**Directions**. Copy word for word the lines in the records below, starting at the line with "Dřevěná vláčkodráha s" and ending at the line with "BAHER SFS2010 Ball". Skip the pictures.

**Dataset extract**.
BEGIN

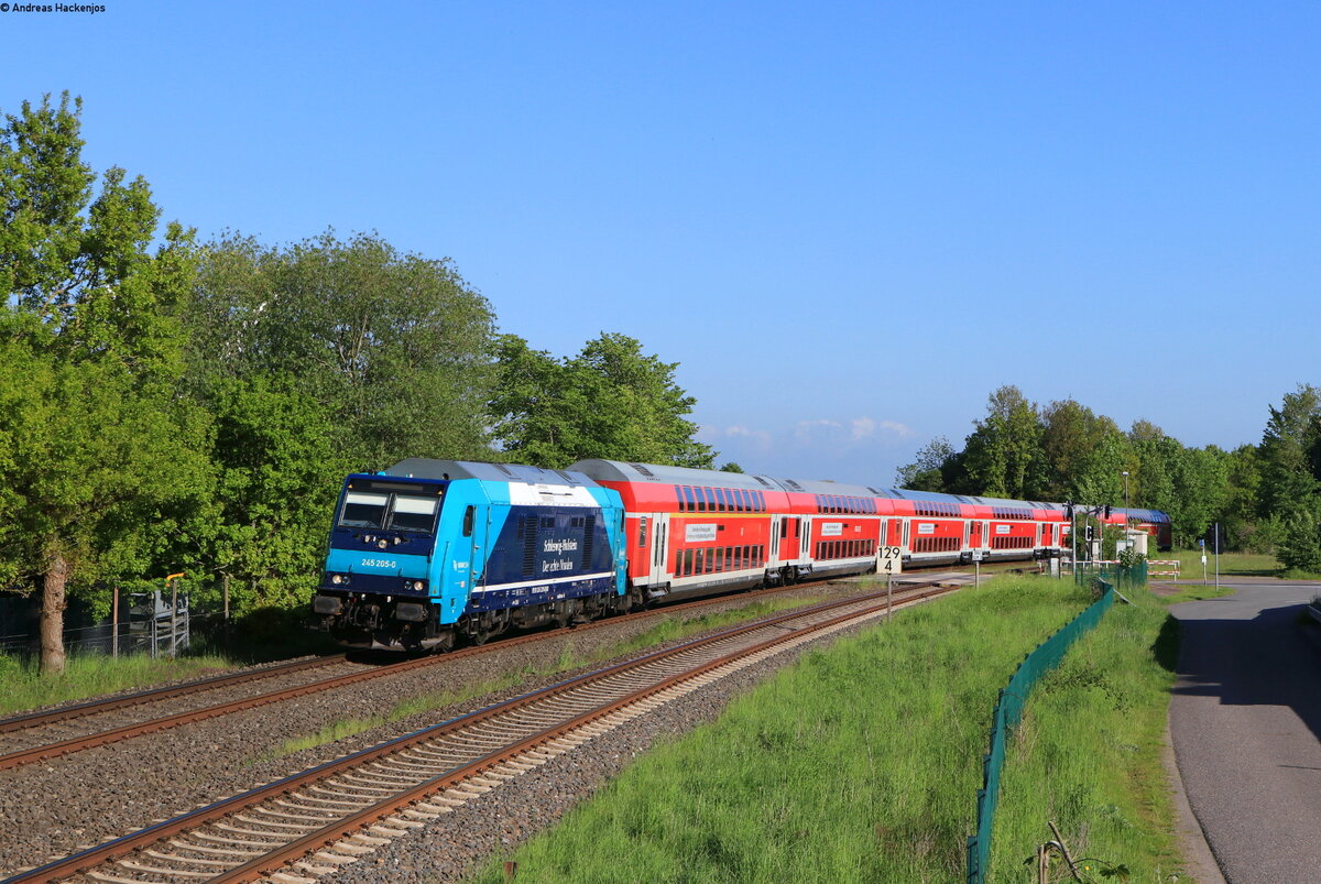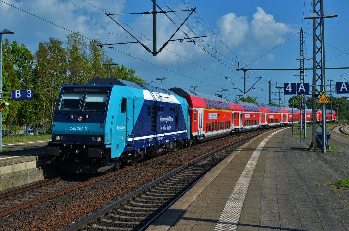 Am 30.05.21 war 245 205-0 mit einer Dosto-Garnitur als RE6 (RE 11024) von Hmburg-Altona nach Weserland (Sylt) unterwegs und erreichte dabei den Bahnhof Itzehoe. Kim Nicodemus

END
BEGIN

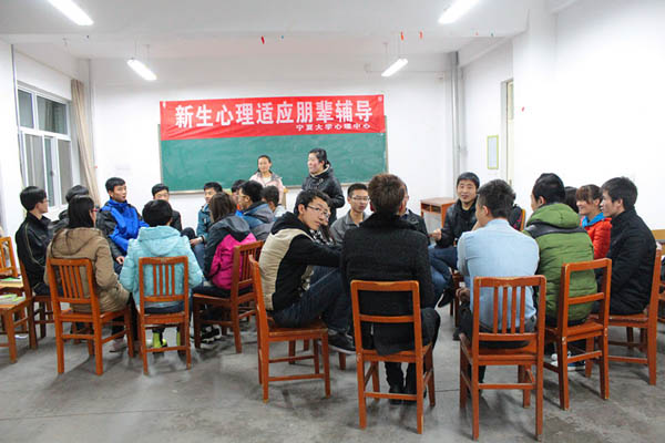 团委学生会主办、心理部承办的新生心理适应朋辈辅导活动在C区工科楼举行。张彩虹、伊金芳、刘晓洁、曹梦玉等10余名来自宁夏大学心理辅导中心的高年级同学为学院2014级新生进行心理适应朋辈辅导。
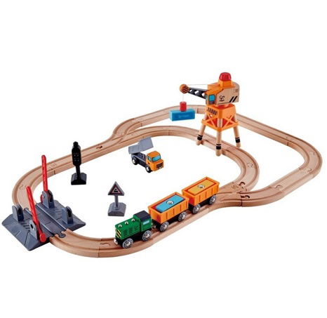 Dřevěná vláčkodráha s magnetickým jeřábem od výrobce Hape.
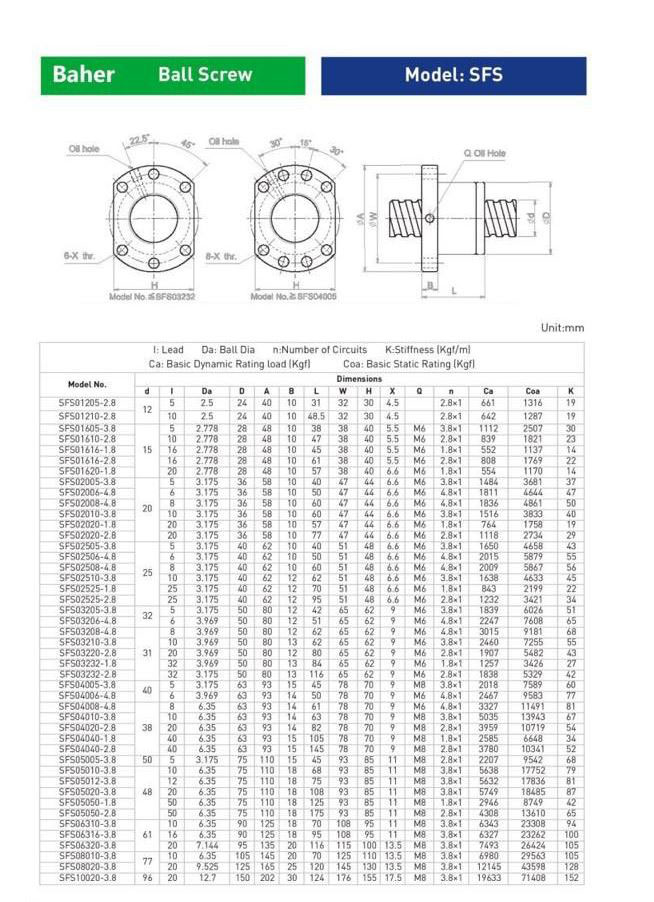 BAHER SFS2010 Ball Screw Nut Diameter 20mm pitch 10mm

END
BEGIN

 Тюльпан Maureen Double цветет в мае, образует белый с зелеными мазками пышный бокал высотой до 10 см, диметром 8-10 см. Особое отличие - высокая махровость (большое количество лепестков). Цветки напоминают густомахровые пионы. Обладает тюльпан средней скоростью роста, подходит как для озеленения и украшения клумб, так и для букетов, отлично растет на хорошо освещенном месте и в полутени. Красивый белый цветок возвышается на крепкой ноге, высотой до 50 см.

END

**Solved exercise**.
 Dřevěná vláčkodráha s magnetickým jeřábem od výrobce Hape.
 BAHER SFS2010 Ball Screw Nut Diameter 20mm pitch 10mm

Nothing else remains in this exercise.